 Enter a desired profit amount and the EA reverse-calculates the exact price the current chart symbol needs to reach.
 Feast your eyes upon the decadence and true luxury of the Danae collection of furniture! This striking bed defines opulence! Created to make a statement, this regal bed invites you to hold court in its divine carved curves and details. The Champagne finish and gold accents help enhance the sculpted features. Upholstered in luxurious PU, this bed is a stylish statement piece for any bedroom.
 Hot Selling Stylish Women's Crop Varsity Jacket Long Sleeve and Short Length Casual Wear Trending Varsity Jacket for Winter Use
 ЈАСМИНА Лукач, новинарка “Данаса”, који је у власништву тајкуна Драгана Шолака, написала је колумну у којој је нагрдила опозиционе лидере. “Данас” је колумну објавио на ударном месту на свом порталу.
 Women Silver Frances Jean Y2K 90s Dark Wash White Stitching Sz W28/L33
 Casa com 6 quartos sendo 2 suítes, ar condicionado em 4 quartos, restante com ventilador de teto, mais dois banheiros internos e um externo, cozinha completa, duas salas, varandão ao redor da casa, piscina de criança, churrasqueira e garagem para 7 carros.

-=-=-

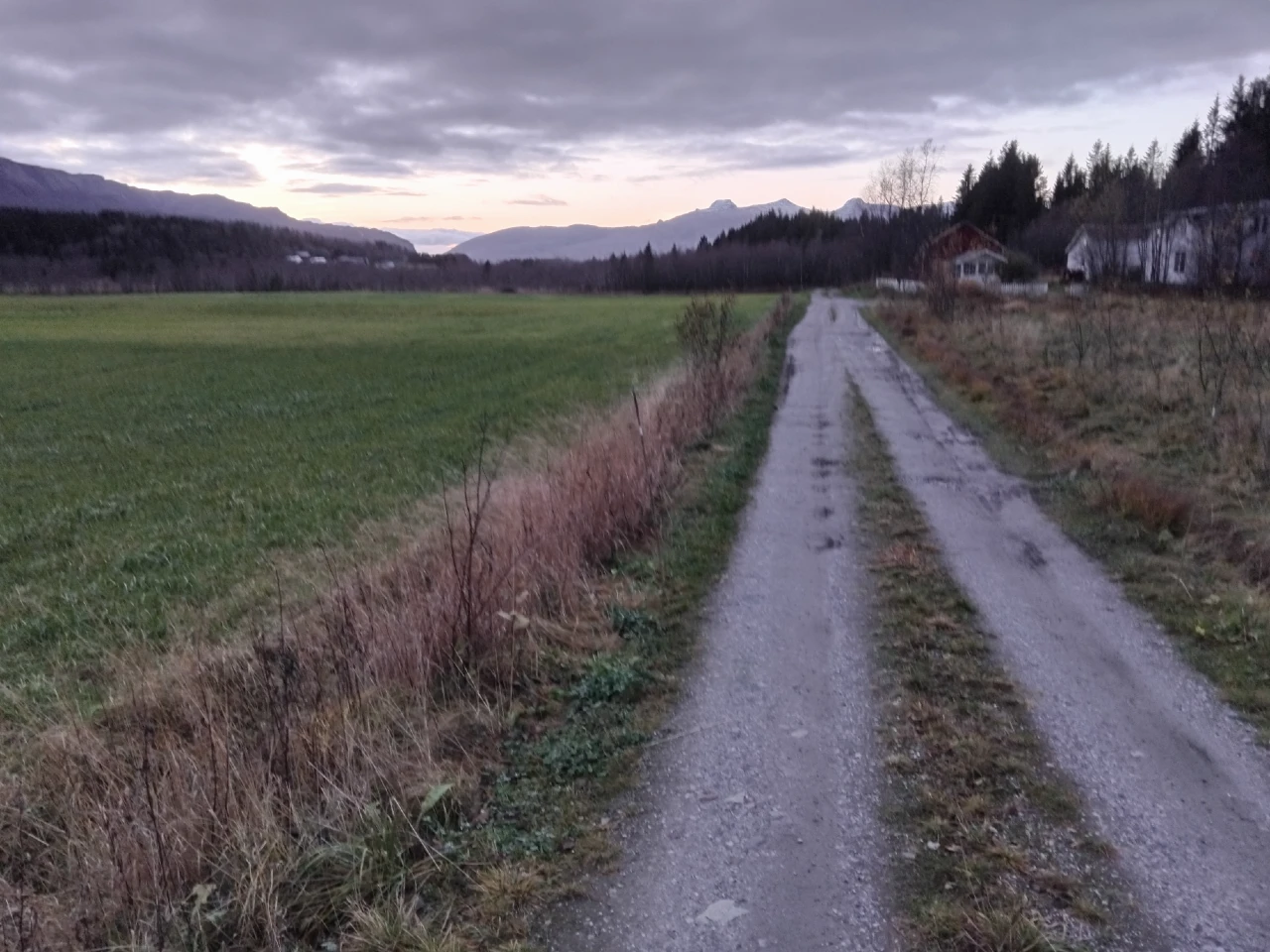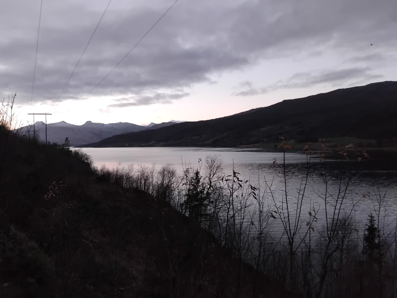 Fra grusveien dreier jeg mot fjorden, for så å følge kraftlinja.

-=-=-

■ **Instructions to follow**: In the listing above, the lines from the one containing "Hot Selling Stylish" through the one containing "Casa com 6 quartos" must be set down exactly, with no other lines.

■ **Answer**:
 Hot Selling Stylish Women's Crop Varsity Jacket Long Sleeve and Short Length Casual Wear Trending Varsity Jacket for Winter Use
 ЈАСМИНА Лукач, новинарка “Данаса”, који је у власништву тајкуна Драгана Шолака, написала је колумну у којој је нагрдила опозиционе лидере. “Данас” је колумну објавио на ударном месту на свом порталу.
 Women Silver Frances Jean Y2K 90s Dark Wash White Stitching Sz W28/L33
 Casa com 6 quartos sendo 2 suítes, ar condicionado em 4 quartos, restante com ventilador de teto, mais dois banheiros internos e um externo, cozinha completa, duas salas, varandão ao redor da casa, piscina de criança, churrasqueira e garagem para 7 carros.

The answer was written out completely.